Но Анджело давно уже смотрел десятый сон…
А мысли Галилео были далеко, они носились по всему Божьему миру, они хватались за все явления сразу. Галилео хотел быть сразу и музыкантом, и художником, и поэтом, и учёным и знать всё, знать, как самый мудрый из мудрых. Глаза его пристально смотрели на крупные звёзды, мигавшие там, наверху, в тёмной прозрачной бездне. Вот скатилась одна, вот другая, вот посыпался целый звёздный дождь… Мальчик, мечтательно улыбаясь, залюбовался звёздами…
А заунывный голос деда однообразно и наставительно причитал:
– Что ж? Ремесло музыканта, слава богу, кормит тебя и всю твою семью, Винченцо. Чего ещё желать мальчишке? Честное ремесло, если только этот сорванец годится на что-нибудь путное!
– Пора спать, – зевая, сказала синьора Джулия, которой ребёнок не давал спать по ночам, и теперь она валилась ото сна.
Старик встал, а за ним поднялся и Винченцо.
Галилео тоже свернулся на своей жёсткой постели. Но заснуть он не мог. Он думал о том, как хорошо сделать настоящую мельницу, маленький жёрнов которой размалывал бы зерно; как хорошо сделать такую маленькую пушку, которая бы стреляла; как хорошо устроить такую бумажную муху, которая бы летала по воздуху; и ещё много о чём мечтал мальчик, лёжа на соломенном тюфяке.
А в окно, мигая, заманчиво глядели светлые звёзды и, кротко улыбаясь, плыла в голубой дымке луна… Наконец он не выдержал, тихо слез с кровати и, как кошка, легко и неслышно ступая, подкрался к окну. Здесь он уселся, свесив ноги и бесстрашно глядя вниз, где виднелась в саду старая скамейка. Луна глядит в окно. Она трепещет и переливается голубым прозрачным загадочным светом, который как будто льётся в душу Галилео. Галилео смотрел на луну, светлевшую меж кружевной паутинки облаков, и спрашивал себя, куда плывёт она и куда мчатся эти вечные странники неба? Где конец этой бесконечной небесной синеве? И ему хотелось понять, что такое луна, и золотые звёзды, и великое необъятное небо…
Мальчик глубоко вздохнул. Внизу, из сада, где стояла скамейка, послышался ответный вздох, такой же долгий и глубокий. При свете луны на скамейке сада обрисовался силуэт сидящего человека. Это был странствующий монах-францисканец.
Подняв глаза к окошку, почтенный отец застыл в смертельном страхе, и дрожащая рука его не в силах была даже сотворить крестного знамени.
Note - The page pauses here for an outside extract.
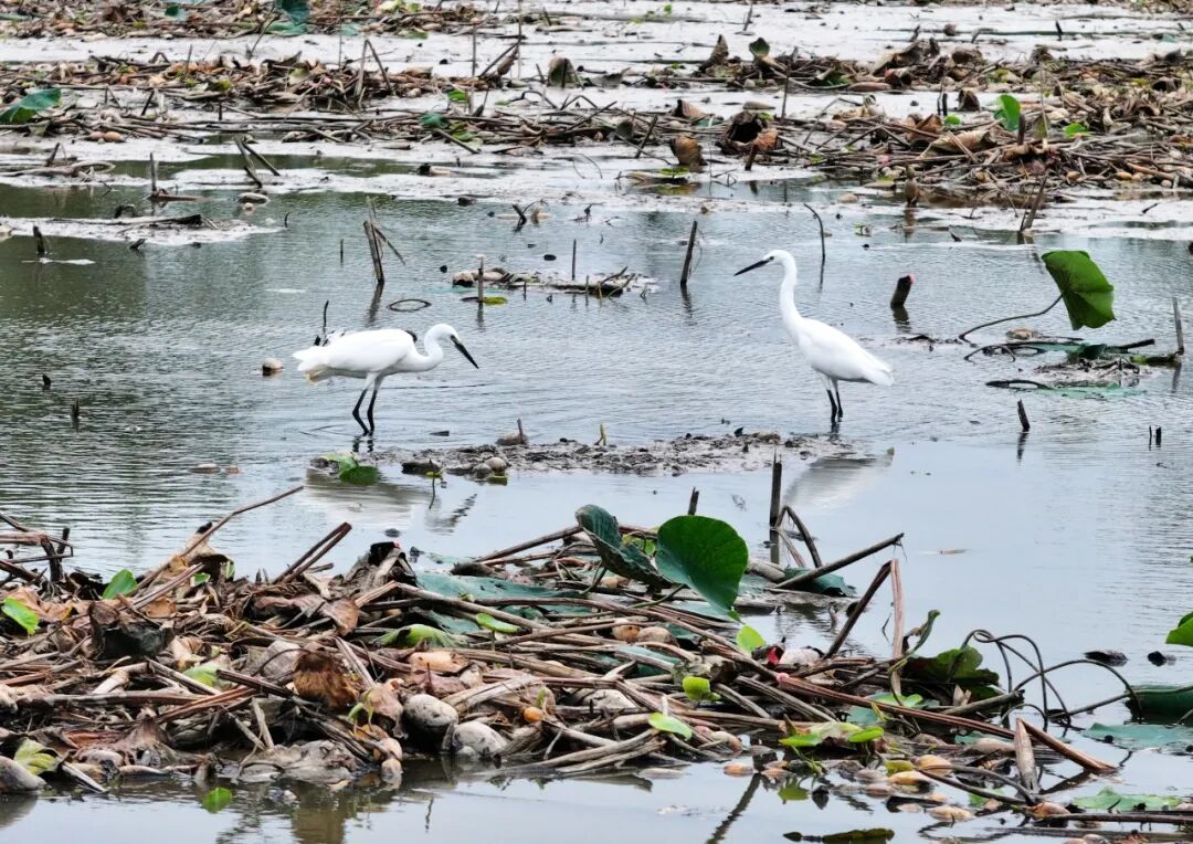 荷塘以藕报辛勤,白鹭以舞赠秋色。

– Святой Франциск, защити меня! – прошептали его губы, – да ведь это сын тьмы!
Галилео, которого он принял за сына тьмы, едва удержался от смеха. Францисканец уже собирался поднять неистовый крик, но Галилео живо прыгнул на близ стоящий каштан и оттуда соскочил на землю.
– Тсс! – прошептал он, не на шутку испугавшись. – Пречистая Дева порукой в том, что я вовсе не дьявол, а сын музыканта, синьора Винченцо Галилея! И меня вовсе незачем бояться! А вот как вы попали в наш сад, святой отец?
Дрожа от страха и всё ещё не совсем доверяя себе, францисканец изо всех сил протирал глаза.
– Видишь ли… то есть… как бы тебе это сказать… Господи помилуй! Иду я в Болонью, и случилось мне здесь переночевать… Ну, двери-то везде были заперты на ночь, стучать не хотел я… Я – человек маленький, скромный служитель Бога, а в другом доме услышишь такую брань, что упаси боже! А у вас в заборе дырка. Вот я и надумал переночевать у вас в саду. Ночь-то тёплая… Да не спится…
Галилео уселся рядом. С минуту оба молчали. Старик, не мигая, уставился на небо и вдруг запел тихим дрожащим голосом молитву святому Франциску.
– Возлюбил он кротко все твари земные! – умилённо заговорил монах, и подслеповатые красные глазки его замигали, а рот сложился в блаженную улыбку. – Святой Франциск! Птицы, дикие звери были послушны ему и покорно ложились у его ног… Из свирепого волка он сотворил себе брата…
Сладкий голосок монаха так и рассыпа́лся, тёк, как мёд, а руки по привычке перебирали чётки…
Галилео представилось, что старик – очень учёный человек, которому ведомы и земля, и небо.
– Много вы знаете о святом Франциске. И он всё мог, святой Франциск? – спросил он пытливо. – И он мог себе достать даже звёзды?
Монах посмотрел на мальчика и растерянно замигал глазами.
– По Божьей воле всё возможно, сын мой, – сказал он серьёзно, почти строго, – но только Господь не пошлёт на землю светил небесных. Не говори пустяков, мальчик.
Галилео с недоумением посмотрел на старика.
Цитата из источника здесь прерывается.